Live album by John Farnham
- Released: 30 September 2011 (Australia)
- Recorded: July 2011 at Chapel off Chapel
- Genres: Pop; rock;
- Label: Sony BMG
- Producer: Ross Fraser

John Farnham chronology
| Jack (2010) | The Acoustic Chapel Sessions (2011) | Two Strong Hearts Live (2015) |

= The Acoustic Chapel Sessions =

The Acoustic Chapel Sessions is an album by Australian singer, John Farnham. It was released through Sony BMG, as a CD + DVD package in September 2011 and the album peaked at number 10 on the ARIA Charts.

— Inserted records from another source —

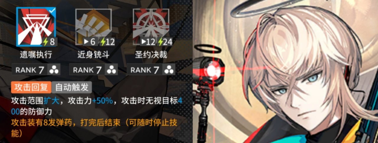 聖約送葬人的①技能就非常特殊了,8攻回技力的持續性彈藥技能,非強力擊類型的掛機技能,7級就是8技力,專精不降低技力消耗,具有三種效果:擴大範圍、加攻、穿甲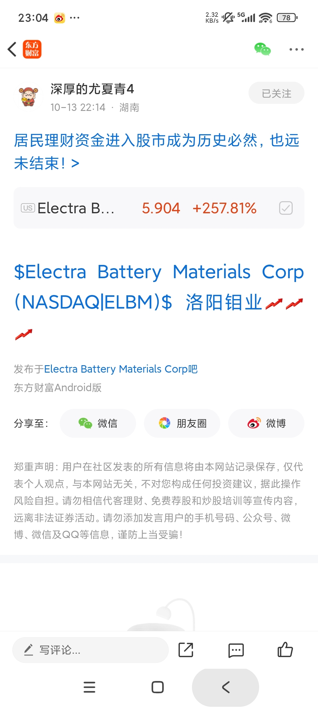 温馨提示: 1.根据《证券法》规定,禁止编造、传播虚假信息或者误导性信息,扰乱证券市场;2.用户在本社区发表的所有资料、言论等仅代表个人观点,与本网站立场无关,不对您构成任何投资建议。用户应基于自己的独立判断,自行决定证券投资并承担相应风险。《东方财富社区管理规定》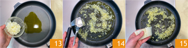 In a pan, pour the oil, add the onion 13 and minced garlic 14. Pour in some water, taken from the total, and stew for 5-6 minutes over medium heat. Place the stockfish in the pan, skin side down 15.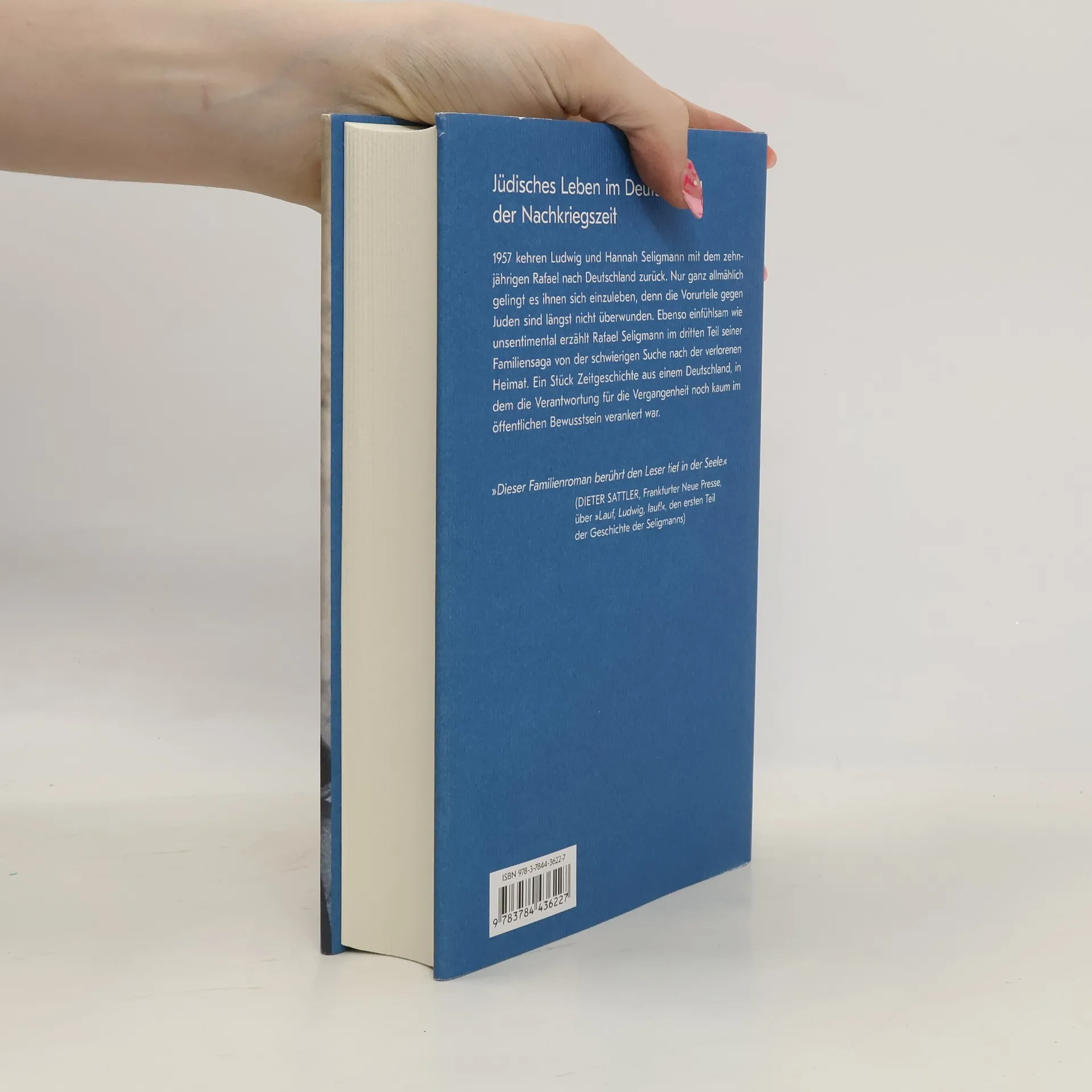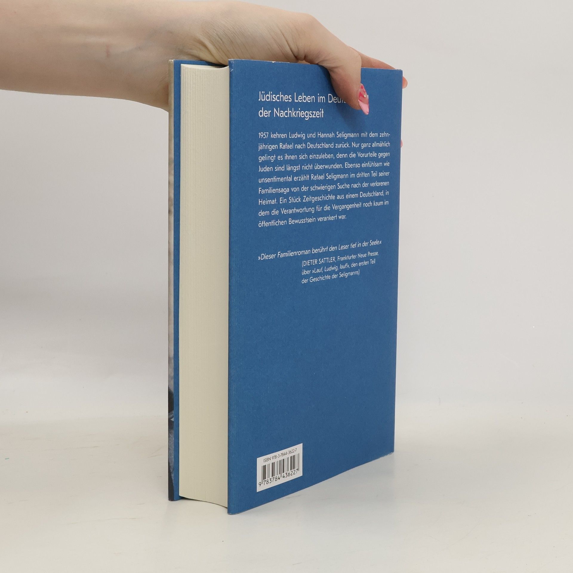 1957 kehren Ludwig und Hannah Seligmann mit dem 10-jährigen Rafael nach Deutschland zurück. Es fällt ihnen schwer, in der alten Heimat Fuß zu fassen. Rafi und sein Vater leiden zunehmend unter Vorurteilen. Die Familie übersiedelt schließlich nach München, wo sie sich allmählich einlebt. Trotz aller Hindernisse macht der verträumte Schulversager Rafael das Abitur, studiert Geschichte und hat – gegen den erbitterten Widerstand der Mutter – eine Beziehung mit Ingrid, einer "Schickse". Ebenso einfühlsam wie unsentimental erzählt Rafael Seligmann im dritten Teil seiner Familiensaga von der schwierigen Suche nach der verlorenen Heimat des Vaters. Sein Roman ist zugleich ein Stück Zeitgeschichte aus einem Deutschland, in dem die Verantwortung für die Vergangenheit noch kaum im öffentlichen Bewusstsein verankert war. „Wie die Geschichte des 20. Jahrhunderts Familiengeschichten bestimmt, das hat der Historiker und Schriftsteller Rafael Seligmann auf einzigartige Weise sichtbar gemacht.“ Deutschlandfunk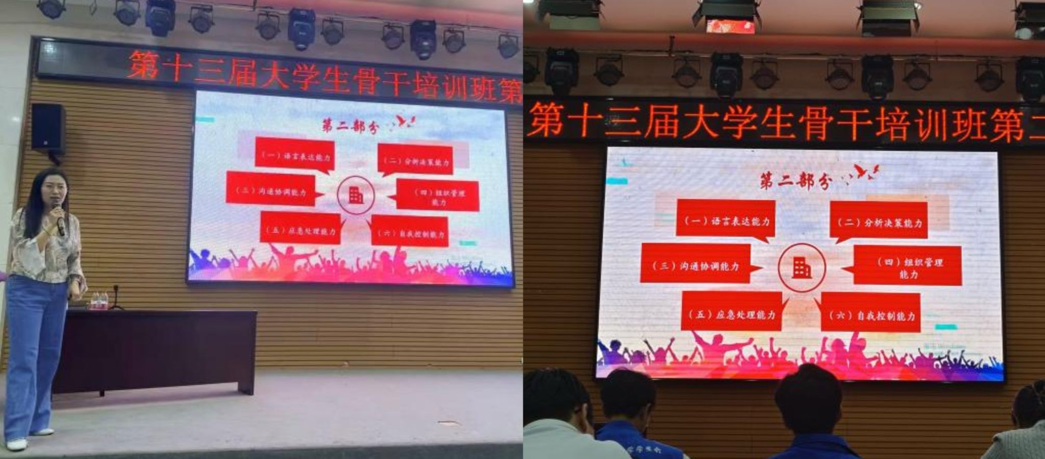 4月22日,培訓(xùn)班第二講邀請(qǐng)校團(tuán)委組織部部長(zhǎng)付強(qiáng)作為主講嘉賓,她圍繞學(xué)生干部的初心與能力提升展開培訓(xùn),強(qiáng)調(diào)理想信念的重要性,并提出學(xué)生干部應(yīng)具備語(yǔ)言表達(dá)、分析決策、溝通協(xié)調(diào)、組織管理、應(yīng)急處理、自我控制六大核心能力。

The CD, recorded at Chapel off Chapel in July of that year, consists of eleven of Farnham's greatest hits reworked as stripped-back acoustic compositions. The DVD package includes eight of the songs ('Two Strong Hearts' being an alternate take) as well as interviews with John and the band, in addition to behind-the-scenes footage.

==Background==

The release of The Acoustic Chapel Sessions coincides with the 25th anniversary of Whispering Jack, Australia's highest-selling and most successful album ever.

John Farnham explained, "We wanted to rework some of the songs that we have been doing on stage for the last 25 years. It's always difficult to rework something that people are very used to, having said that we have had a lot of fun doing it'. Farnham's manager, Glenn Wheatley, added, "This recording has just given me goose bumps; it's amazing seeing the songs stripped right back and all acoustic. I wonder why we didn't think about doing this earlier".

==Tour and promotion==

Farnham toured the album nationally in October and November 2011 in intimate venues with smaller audiences than his large stadium shows. Patrick McDonald of Adelaide Now said of the tour, "Magic was the right word. For all the flack he cops about endless comebacks, it would truly be a crime if 'The Voice' was ever silenced."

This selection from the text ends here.